**What you need to do:**
Reproduce the following data exactly, minus any images.

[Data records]
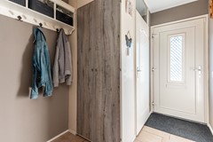 Je komt binnen in de hal met toegang tot het toilet, de trapopgang naar de eerste verdieping en de woonkamer.
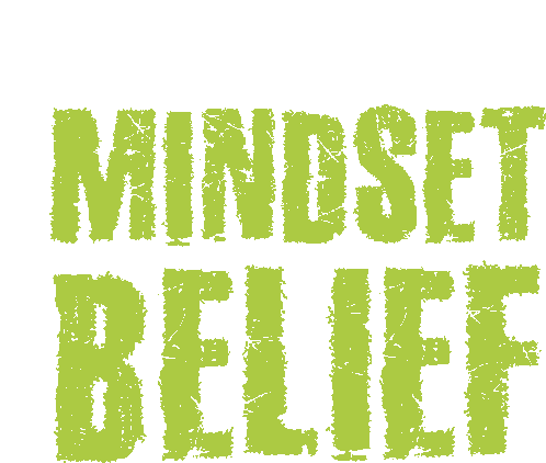 A vibrant green distressed text sticker displaying the words 'MINDSET' and 'BELIEF' for motivation.
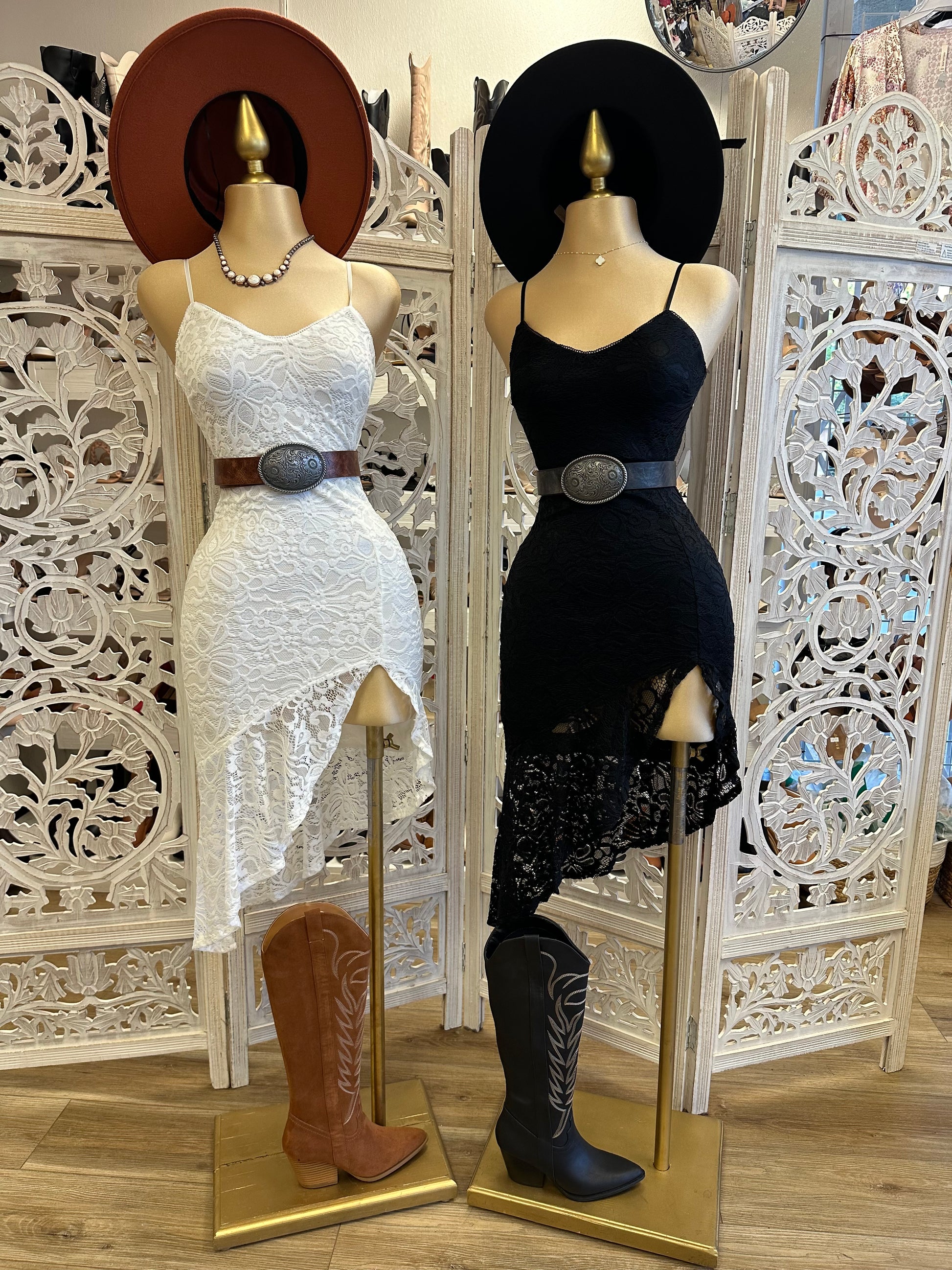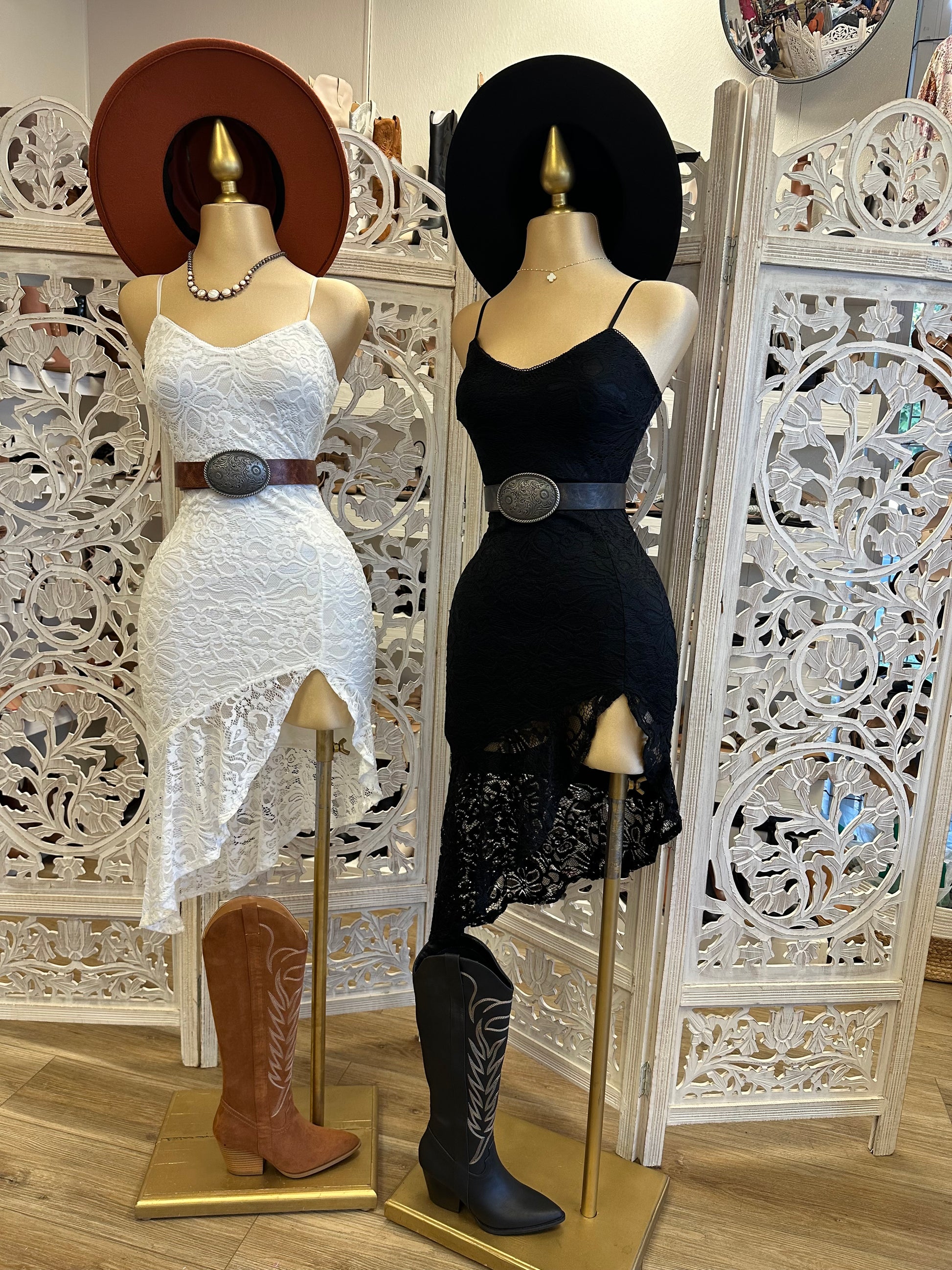 Lace Slit Ruffle Dress-Stretchy
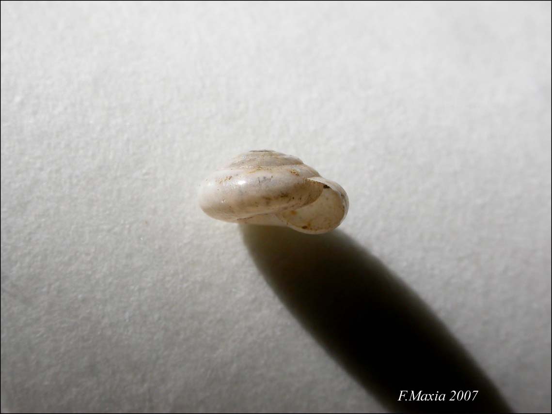 Dal vero appare diverso,forse ho sbagliato la luce che rende l'ombelico completamente scuro e nasconde la forma imbutiforme. Le dimensioni sono maggiori dell'esemplare linkato, circa 7 mm con un giro in meno e corrispondono a quelle di O. hydatinus, proverō a farne una foto migliore.
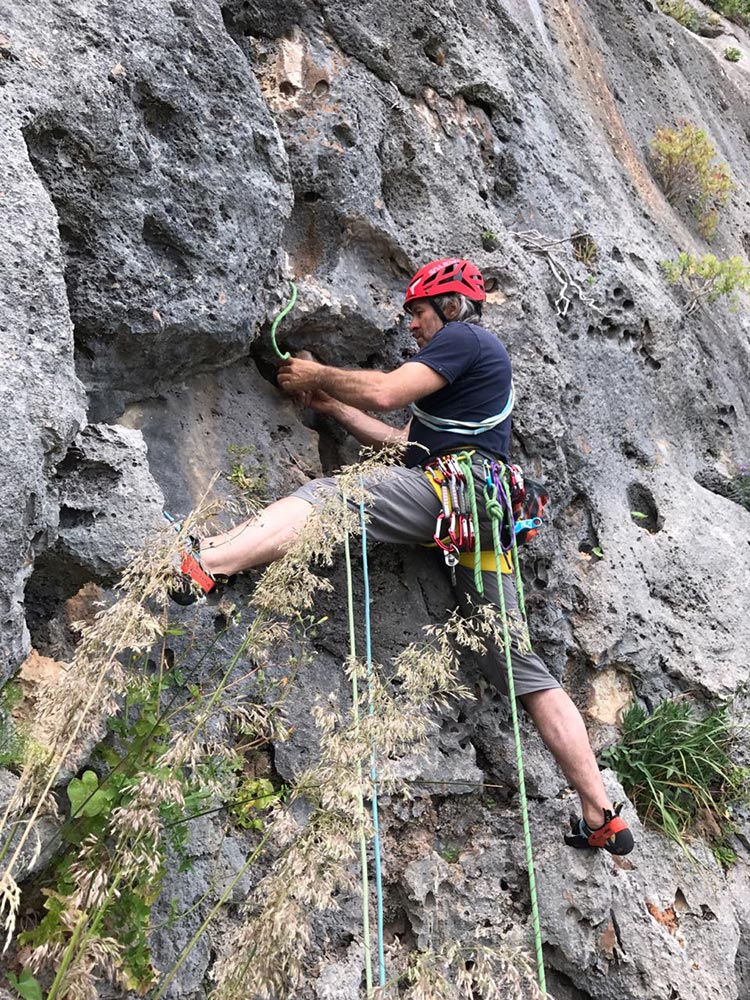 Material: 50-m-Einfach- oder -Doppelseil (empfehlenswert für einen Rückzug), 14 Expressschlingen, einige Bandschlingen. Die Route ist mit Bohrhaken und Sanduhren abgesichert, die Stände sind gebohrt und teilweise mit Ketten und Ring versehen.
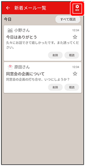 - 新着メール一覧画面で、削除する新着メールの削除
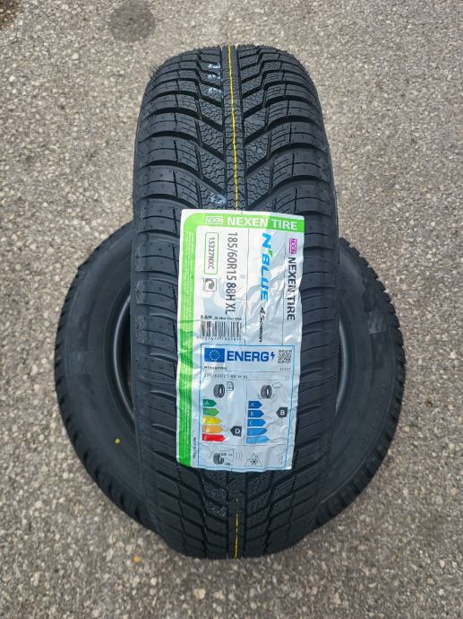 Nove cjelogodišnje gume Nexen NBlue 4 Season, dimenzije 185/60/15. Gume su nove s naljepnicama, potpuno novi model gume, nikad montirane na vozilo. Mogućnost montaže. Cijena po komadu 59 eura..
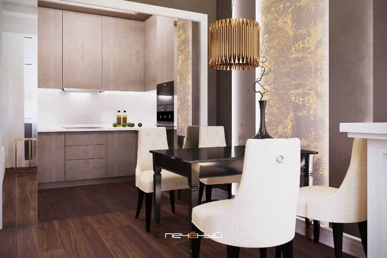 Чтобы интерьер не смотрелся скучным, берите сложные оттенки и используйте игру материалов. Сизо-серые градации цветов в сочетании с золотом смотрятся строго и элегантно. Краска с эффектом бархата, декоративная штукатурка, кухня с фасадами под камень травертин - такое разнообразие материалов создаёт ощущение наполненности интерьера деталями, делает его продуманным и глубоким.

**Response:**
 Je komt binnen in de hal met toegang tot het toilet, de trapopgang naar de eerste verdieping en de woonkamer.
 A vibrant green distressed text sticker displaying the words 'MINDSET' and 'BELIEF' for motivation.
 Lace Slit Ruffle Dress-Stretchy
 Dal vero appare diverso,forse ho sbagliato la luce che rende l'ombelico completamente scuro e nasconde la forma imbutiforme. Le dimensioni sono maggiori dell'esemplare linkato, circa 7 mm con un giro in meno e corrispondono a quelle di O. hydatinus, proverō a farne una foto migliore.
 Material: 50-m-Einfach- oder -Doppelseil (empfehlenswert für einen Rückzug), 14 Expressschlingen, einige Bandschlingen. Die Route ist mit Bohrhaken und Sanduhren abgesichert, die Stände sind gebohrt und teilweise mit Ketten und Ring versehen.
 - 新着メール一覧画面で、削除する新着メールの削除
 Nove cjelogodišnje gume Nexen NBlue 4 Season, dimenzije 185/60/15. Gume su nove s naljepnicama, potpuno novi model gume, nikad montirane na vozilo. Mogućnost montaže. Cijena po komadu 59 eura..
 Чтобы интерьер не смотрелся скучным, берите сложные оттенки и используйте игру материалов. Сизо-серые градации цветов в сочетании с золотом смотрятся строго и элегантно. Краска с эффектом бархата, декоративная штукатурка, кухня с фасадами под камень травертин - такое разнообразие материалов создаёт ощущение наполненности интерьера деталями, делает его продуманным и глубоким.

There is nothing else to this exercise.